## PROMPT
After finding the line with "Made from the" in the entries below, retype exactly each line from there through the line with "Автоматический выключатель дифференциального", including that final line.

## DATA TO USE
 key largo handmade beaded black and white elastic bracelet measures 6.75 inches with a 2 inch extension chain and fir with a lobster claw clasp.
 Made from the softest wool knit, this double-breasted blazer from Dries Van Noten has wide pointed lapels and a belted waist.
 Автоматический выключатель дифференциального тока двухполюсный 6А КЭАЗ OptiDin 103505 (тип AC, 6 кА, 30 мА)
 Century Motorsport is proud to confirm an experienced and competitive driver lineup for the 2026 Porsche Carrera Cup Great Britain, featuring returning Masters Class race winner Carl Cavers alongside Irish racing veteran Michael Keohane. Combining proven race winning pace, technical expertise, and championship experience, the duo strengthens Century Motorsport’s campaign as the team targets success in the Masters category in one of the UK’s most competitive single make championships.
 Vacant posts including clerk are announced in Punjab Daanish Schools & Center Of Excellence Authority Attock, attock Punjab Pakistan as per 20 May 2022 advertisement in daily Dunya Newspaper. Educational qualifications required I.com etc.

---

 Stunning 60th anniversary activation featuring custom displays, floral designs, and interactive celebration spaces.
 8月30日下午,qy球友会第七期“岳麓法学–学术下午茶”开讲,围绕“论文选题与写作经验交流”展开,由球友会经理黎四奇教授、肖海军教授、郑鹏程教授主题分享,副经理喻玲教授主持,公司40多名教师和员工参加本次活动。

## ANSWER TO THIS EXERCISE
 Made from the softest wool knit, this double-breasted blazer from Dries Van Noten has wide pointed lapels and a belted waist.
 Автоматический выключатель дифференциального тока двухполюсный 6А КЭАЗ OptiDin 103505 (тип AC, 6 кА, 30 мА)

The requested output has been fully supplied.